There are a number of Indian publications of wordless picture books, like, ‘Flitter-Flutter’ (NBT), ‘Busy Ants’ (NBT), ‘The Story of a Mango’ (NBT), ‘Find the Half Circle’ (NBT), ‘Homes’ (NBT), ‘Flutterfly’ (Tulika), ‘Ammachi’s Glasses’ (Tulika), ‘Round and Round Books’ (Tulika), ‘Loop’ (Eklavya), ‘Cheenta’ (Eklavya) and more. Among foreign publications, the range is wider. I first introduced wordless picture books to a mixed group of children in a school in Kolkata where I work for their library. The group had children with different reading levels. They were to read in pairs. I randomly paired them without any conscious thought to what kind of pairs would work best. As a result, there were pairs where one read proficiently and one could not, pairs where both could not, and pairs where both could. Each pair received a picture book which they were to first read, followed by a set of activities. When most of them completed reading, I saw one pair still struggling to finish the book. I realized it was difficult for them and replaced it with another book called ‘Flutterfly’. The child immediately leafed through the book to get a quick glance if she could manage this one, and to her dismay, with utmost surprise, shouted out, “What do we read? There is nothing in this book!” It was such an honest moment of concern for her. Her expression said that she sincerely felt that there was something wrong. I told her that the book had no words and the story was in the pictures.

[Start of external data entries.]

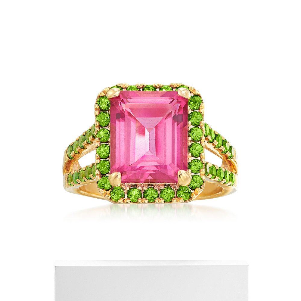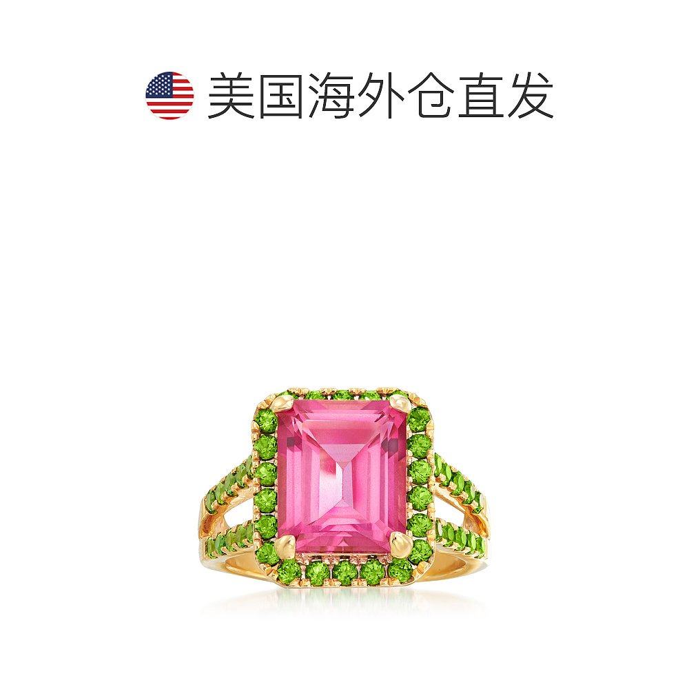 自营 Ross-Simons 18 克拉金粉红色托帕石和绿色铬透辉石戒指 粉
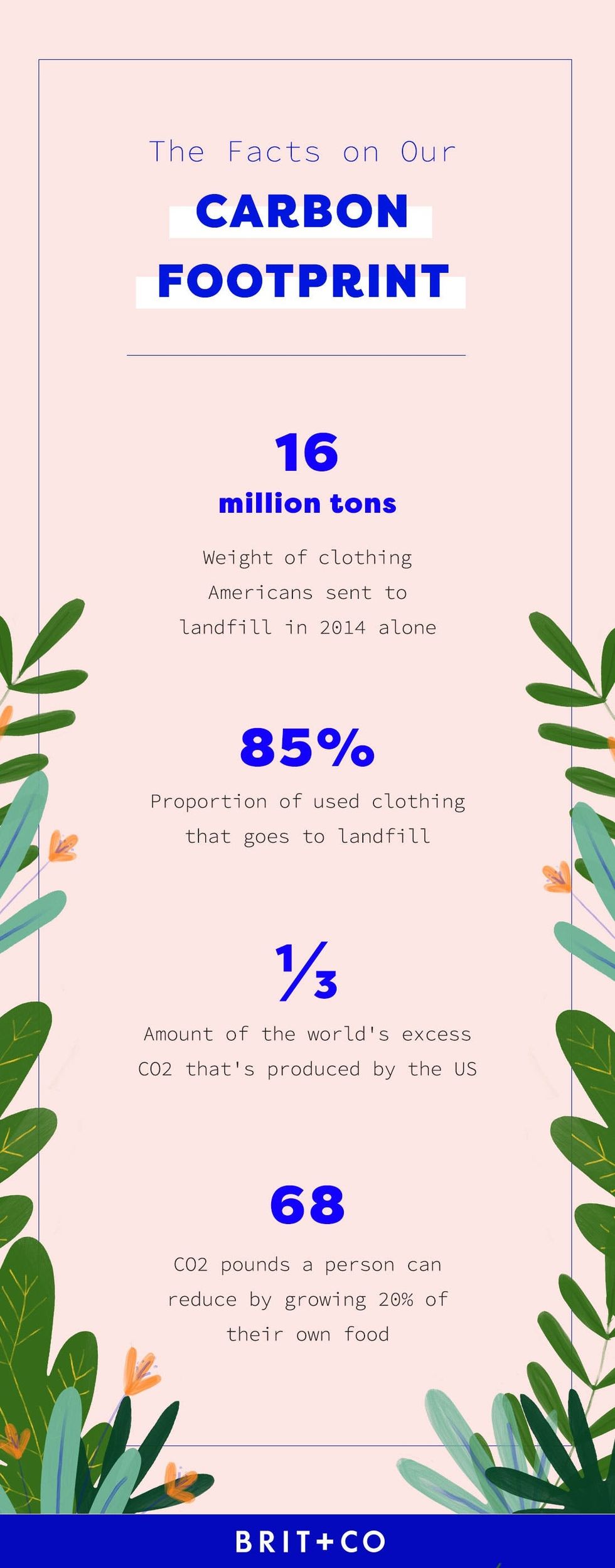 And it's not just obvious activities like driving fuel-burning cars that are contributing to the problem. As we all know: Americans love to shop. And when people move on from that sweater or dress they just had to have a year ago and toss it into the trash, it all adds up. According to PBS, Americans throw away 13 million tons of clothes every year, comprising 9 percent of the country’s total non-recycled waste. And according to the Carbon Trust, clothing consumption around the world creates 330 metric tons of CO2.
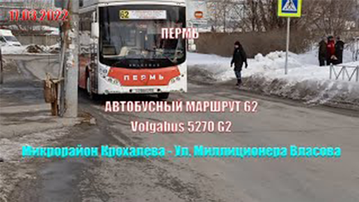 Пермь | Автобусный маршрут 62 | Volgabus 5270 G2 (CNG) | Микрорайон Крохалева - Ул Милиционера Власова | 17.03.2022

It was easy going thereafter with much satisfaction in being able to complete reading this book. This was a reinforcement of the prevalent association of ‘reading’ with ‘texts’ only. Over so many years, illustrations have been considered as an add-on, supplementing the text, but seldom imagining that they are an independent narrative by their own merit, and a parallel story-weaving medium. Wordless picture books are still unknown to many. Compared to picture books they are much fewer in number. And thus, they come as a surprise altogether.
Wordless picture books act as a catalyst for immersing children into the book world. The nature of the books is so non-threatening that there is an immediate attachment with the reader. And what is best is that the children are then drawn to more books on the shelf. I have witnessed this process with a group of children who used to pick books from the shelf only to look at the pictures, and then gradually got into reading the texts too.